C'est très bon

Klara et le soleil- Kazuo Ishiguro

 

« J’ai beaucoup de sentiments, j’en suis persuadée. Plus j’observe, et plus les sentiments auxquels j’ai accès sont nombreux. »

 

Klara est un robot androïde très évolué, une Amie Artificielle, qui attend comme d’autres robots, qu’un enfant veuille bien l’adopter. Exposée dans une vitrine, Klara met à profit son sens de l’observation exceptionnel pour capter tout ce qui se passe à l’extérieur, tout en absorbant les nutriments du Soleil nécessaires à son bon fonctionnement.

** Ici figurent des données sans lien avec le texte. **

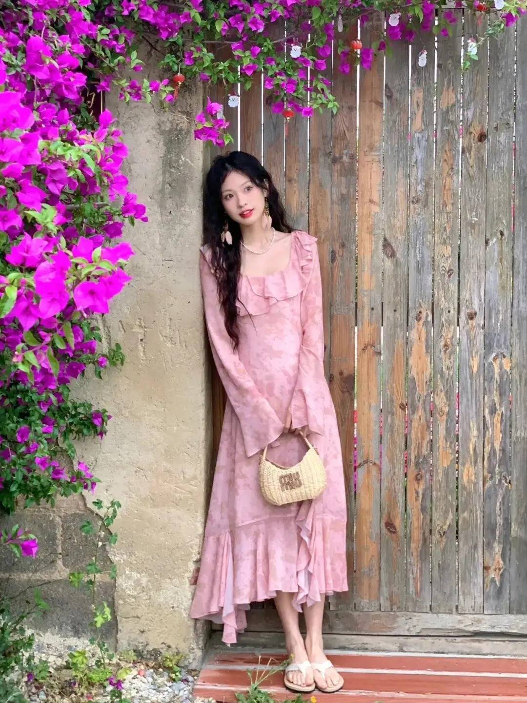 人物在花篱木门前,自然倚立,姿态优雅又有复古感。这种姿势巧妙融合了繁花与旧木的浪漫氛围,粉色长裙与草编包在花景中格外柔美,既凸显出人物的温婉气质,又借复古场景烘托出文艺感,轻松拍出充满格调的打卡大片,这波花篱拍照的巧思绝了~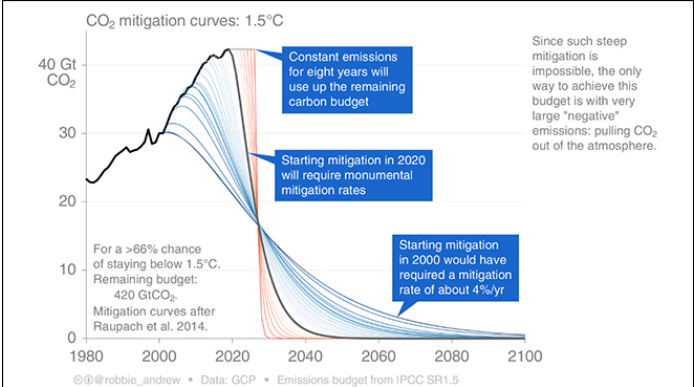 Most climate projections stipulate that even with the most ambitious policy and industry efforts, we will be very hard-pressed to stay within the liveable limits of 1.5°C of global heating. The Global Carbon Project graph captures the scope of this challenge by visualising how steep the curve of mitigation needs to be now (see Figure 1). Mitigation efforts starting in 2020 must drop from 40 GtCO2 to less than half in only five years. It is a monumental transformation.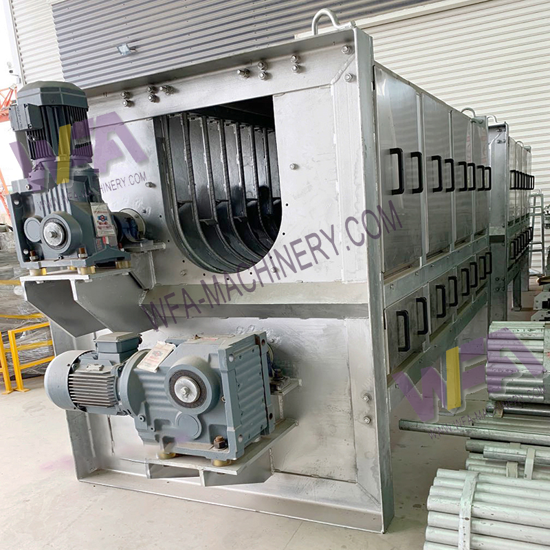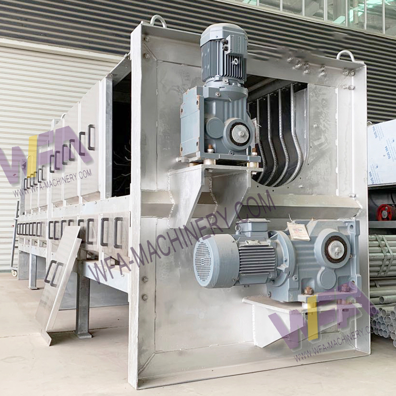 Application:The pig bipolar linkage spiral type dehairing machine slaughter equipment dehairing machines are equipped with two scraper shafts with helical blade position, which achieve the highest quality of hair removal in pigs of all weights. hair collection chute can be attached to the machine at the bottom. the water distribution system at the top of the waxing line achieves channels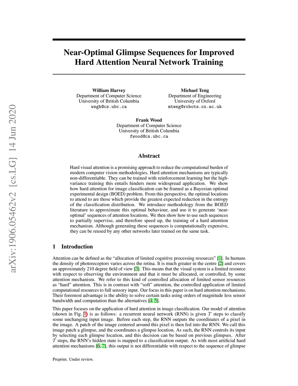 Near-Optimal Glimpse Sequences for Improved Hard Attention Neural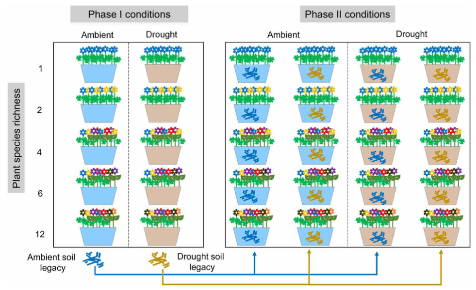 best365中国官方网站有害生物控制与资源利用国家重点实验室储诚进教授团队设计了模拟干旱和模式弃耕田群落(360个中型实验生态系/植物群落)的两阶段实验,以研究在随后的干旱下,降雨的慢性减少(压力干旱)是否以及如何改变土壤遗留效应和植物多样性-生产力关系。在第一阶段,在环境或干旱条件下,在均质土壤中种植了120个具有五个物种丰富度水平的模式植物群落,以生成“条件”土壤样本。在第二阶段,为新建立的植物群落提供了土壤接种物,无论是否有之前的干旱暴露,并经受干旱或环境浇水条件(图1)。具体而言,研究假设(i)干旱和植物物种丰富度共同影响土壤微生物群落,(ii)干旱土壤遗留效应影响生物多样性效应对植物生产力的影响,以及(iii)随后的干旱改变了干旱土壤遗留效应对多样性-生产力关系的影响。

Ceci quand les machines qui polluent la ville ne l’en empêchent pas.

Josie, douze ans, semble avoir le coup de foudre pour Klara (coup de foudre réciproque, malgré les mises en garde de la Gérante du magasin, rompue à l’ingratitude des humains) et persuade sa mère de l’acquérir. Klara intègre donc sa nouvelle famille, fait la connaissance de Rick, le voisin et meilleur ami de Josie, et tente d’apporter aide et réconfort à celle dont elle est désormais l’A A. Josie est en effet atteinte d’un mal étrange qui pourrait bien lui être fatal. Mais jusqu’où ira Klara pour sauver (« relever ») Josie?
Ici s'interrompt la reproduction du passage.